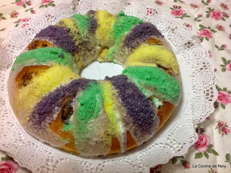 Este fantástico postre para mi hasta ahora desconocido totalmente, resulta que es tipico en Lousiana, allí es típico comer este rico postre el martes de carnaval,al igual que nosotros en el roncón de reyes escondemos una figura y un haba ellos esconden una figura de un bebe que simboliza al niño Jesus y quien lo encuentre sera coronado rey de la fiesta y organizara la fiesta el año siguiente.
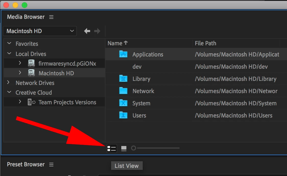 Adobe Media Encoder question -- Newbie here -- sorry if this is basic, but I can't find a way to change my preference to show only lists of file names in the Media Browser. I don't want to see thumbnails or preview video, just file names. Thanks so much.
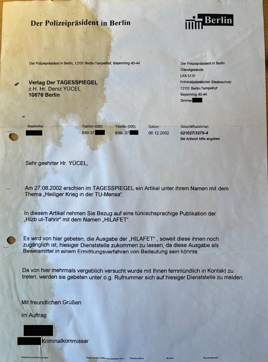 (Dieses Schreiben des LKA, in dem übrigens der besagte Tagesspiegel-Artikel falsch datiert ist, hat die Jahre überdauert. Mit Kaffeefleck, aber immerhin. 👇) /24
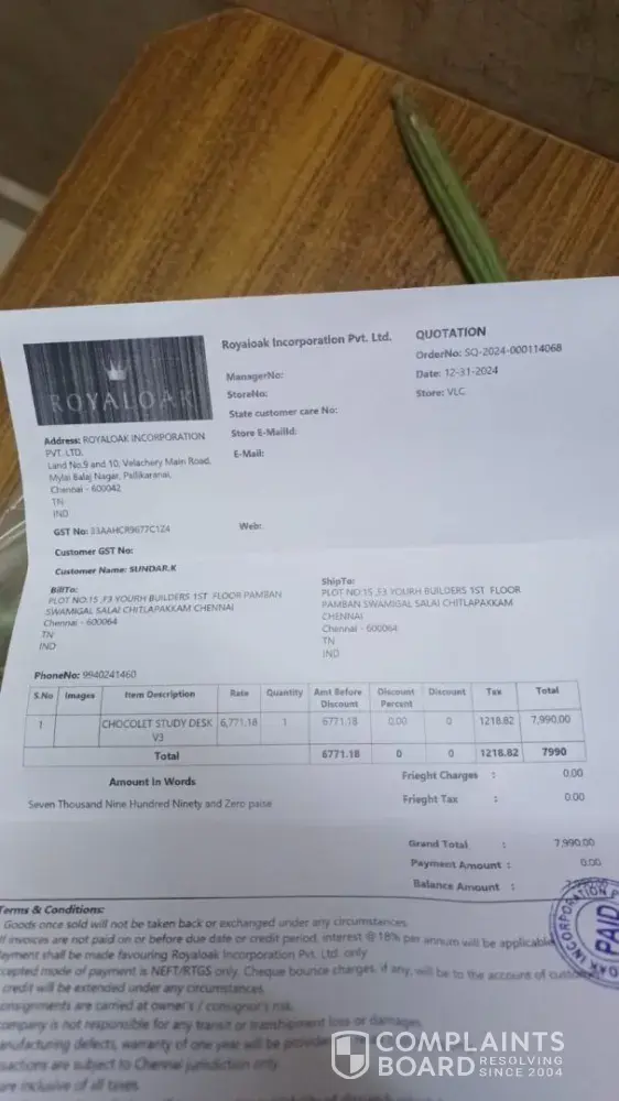 I purchased a royaloak amber computer table with honey brown finish - 1.2 m on 28th december 2016. At the time of payment they said it will be delivered within 48 hours. Since then they haven't called or contacted me. On calling the customer care they said they will not deliver the table, and now they are not responding about the refund.
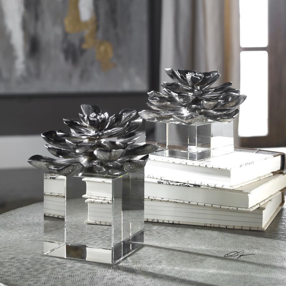 Simple Elegance Is Achieved By These Antiqued, Metallic Silver Lotus Blooms That Appear To Be Floating On Clear Crystal Cubes. Sizes: Sm-6x5x6, Lg-6x7x6
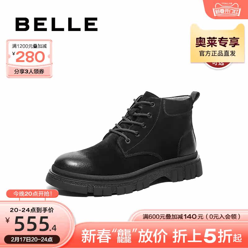 百丽休闲靴男鞋冬季新款牛皮增高厚底工装马丁靴加绒A1330DD3
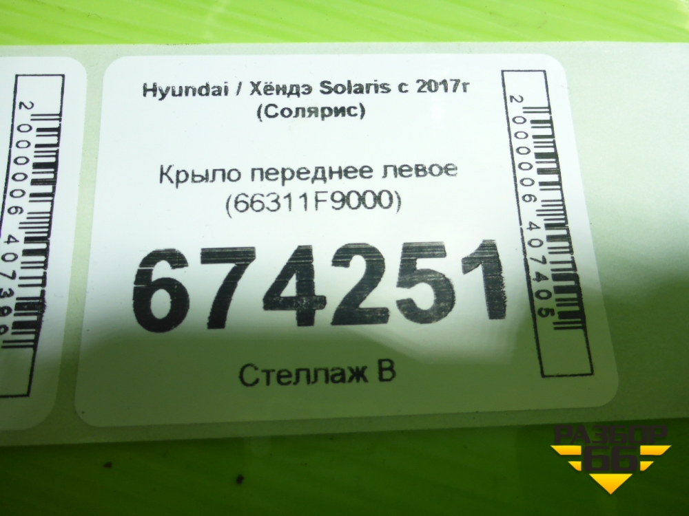 Крыло переднее левое (66311F9000) для Hyundai Solaris с 2017г (Солярис) в Екатеринбурге
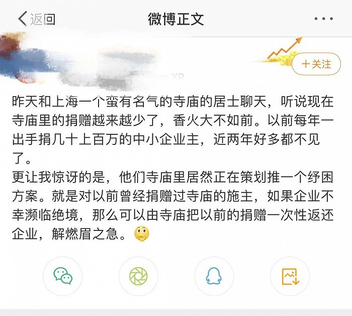 这要从一则微博说起。8月23日,博主“何河有鱼”在微博上表示,和上海一个蛮有名气的寺庙的居士聊天,有些寺庙在策划推一个方案,“对以前曾经捐赠过寺庙的施主,如果企业不幸濒临绝境,那么可以由寺庙把以前的捐赠一次性返还企业,解燃眉之急”。
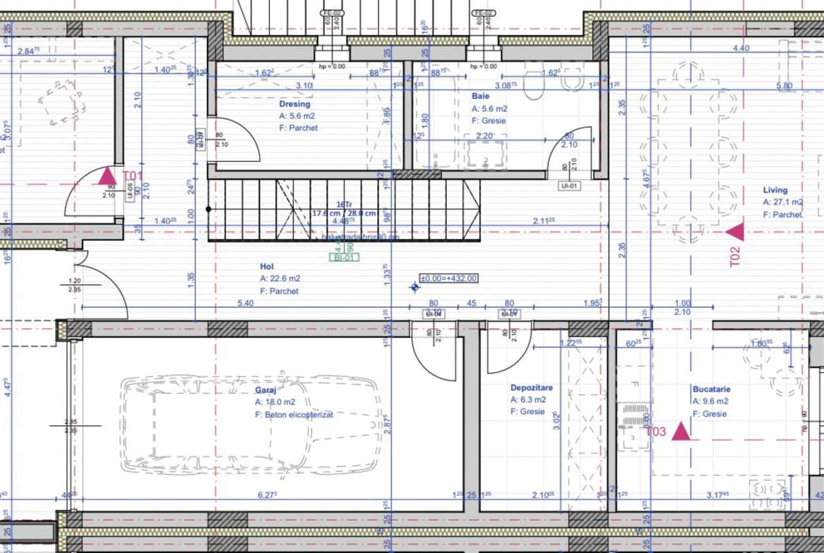 - Parter: living, bucatarie, baie de serviciu, birou si garaj auto.
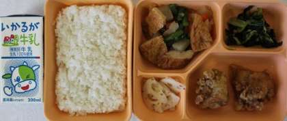 12月6日(火) 給食の献立は、鶏肉のから揚げ・赤平天とだいこんの煮もの・小松菜のおひたし・れんこんの酢のもの・米飯・牛乳でした。
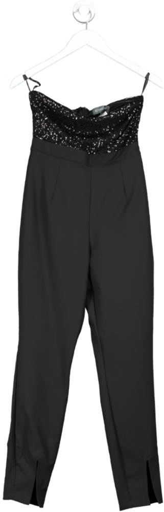 SOSANDAR Black Sequin Top Tapered Leg Split Hem Jumpsuit UK 6
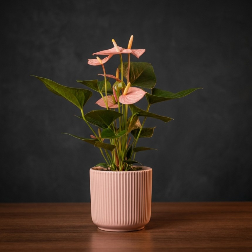 This elegant pink anthurium houseplant featuring glossy green leaves and delicate pink blooms adds a touch of beauty to any living space. The soft pink tones brings warmth and charm creating a calm atmosphere. A stylish indoor plant ideal for thoughtful gifts and any occasion.
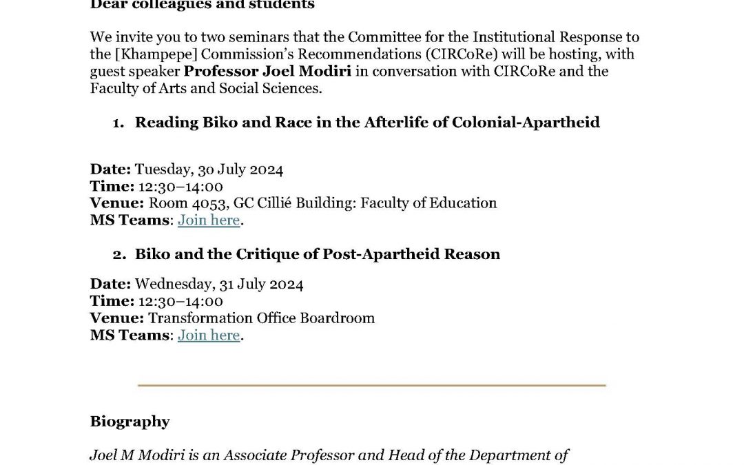 the [Khampepe] Commission’s Recommendations (CIRCoRe) will be hosting, with
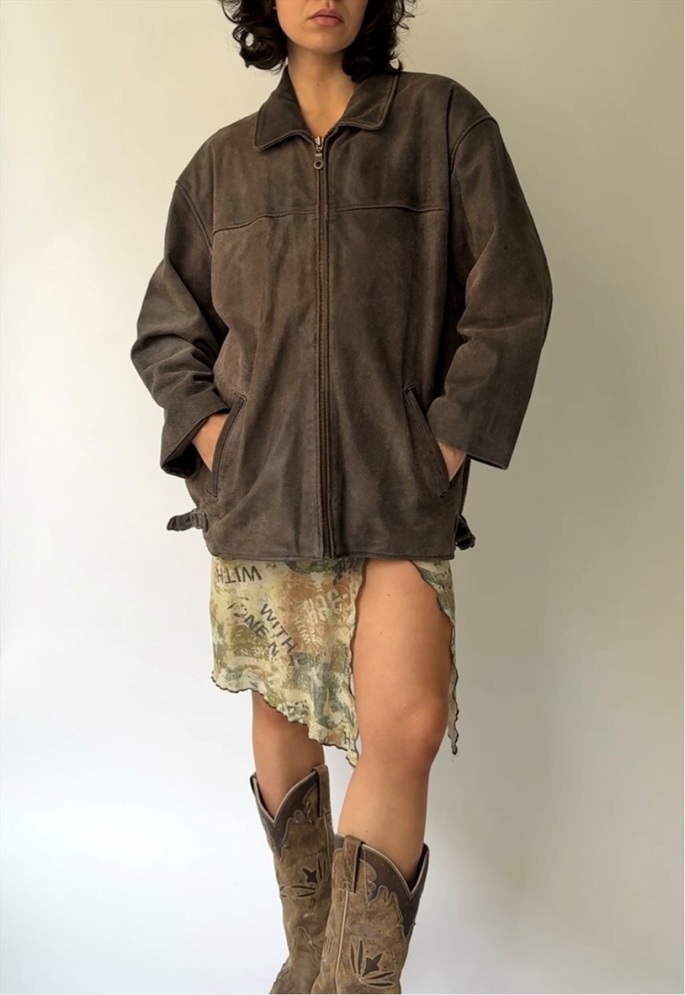 Beautiful brown suede leather jacket with a faded finish. Zipper down the front.Size: Large (men) - fits S-L for women depending on desired fitMeasurements: Pit-pit 63 cm, length 74 Beautiful brown suede leather jacket with a faded finish. Zipper down the front.Size: Large (men) - fits S-L for women depending on desired fitMeasurements: Pit-pit 63 cm, length 74 cmMaterial: LeatherCondition: Good vintage condition
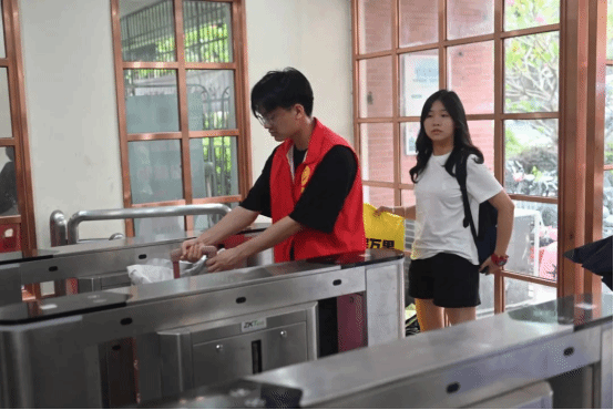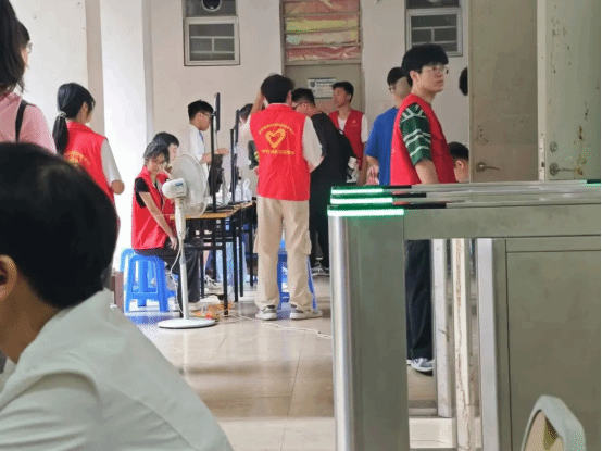 在校园内,一群身着鲜艳志愿服的志愿者在熙熙攘攘的人群中忙碌穿梭,形成了一道亮丽的风景线。他们热情洋溢,细心周到地引导新生们办理入学手续,规范有序地帮助他们运送行李,确保每位新生都能顺利、无忧地完成报到流程。

====================

Exercise aim
All that should be printed is the run of lines above from the one with "(Dieses Schreiben des" through the one with "the [Khampepe] Commission’s", both included, exactly as given, with pictures left out.

Problem solution
 (Dieses Schreiben des LKA, in dem übrigens der besagte Tagesspiegel-Artikel falsch datiert ist, hat die Jahre überdauert. Mit Kaffeefleck, aber immerhin. 👇) /24
 I purchased a royaloak amber computer table with honey brown finish - 1.2 m on 28th december 2016. At the time of payment they said it will be delivered within 48 hours. Since then they haven't called or contacted me. On calling the customer care they said they will not deliver the table, and now they are not responding about the refund.
 Simple Elegance Is Achieved By These Antiqued, Metallic Silver Lotus Blooms That Appear To Be Floating On Clear Crystal Cubes. Sizes: Sm-6x5x6, Lg-6x7x6
 百丽休闲靴男鞋冬季新款牛皮增高厚底工装马丁靴加绒A1330DD3
 Крыло переднее левое (66311F9000) для Hyundai Solaris с 2017г (Солярис) в Екатеринбурге
 这要从一则微博说起。8月23日,博主“何河有鱼”在微博上表示,和上海一个蛮有名气的寺庙的居士聊天,有些寺庙在策划推一个方案,“对以前曾经捐赠过寺庙的施主,如果企业不幸濒临绝境,那么可以由寺庙把以前的捐赠一次性返还企业,解燃眉之急”。
 - Parter: living, bucatarie, baie de serviciu, birou si garaj auto.
 12月6日(火) 給食の献立は、鶏肉のから揚げ・赤平天とだいこんの煮もの・小松菜のおひたし・れんこんの酢のもの・米飯・牛乳でした。
 SOSANDAR Black Sequin Top Tapered Leg Split Hem Jumpsuit UK 6
 This elegant pink anthurium houseplant featuring glossy green leaves and delicate pink blooms adds a touch of beauty to any living space. The soft pink tones brings warmth and charm creating a calm atmosphere. A stylish indoor plant ideal for thoughtful gifts and any occasion.
 the [Khampepe] Commission’s Recommendations (CIRCoRe) will be hosting, with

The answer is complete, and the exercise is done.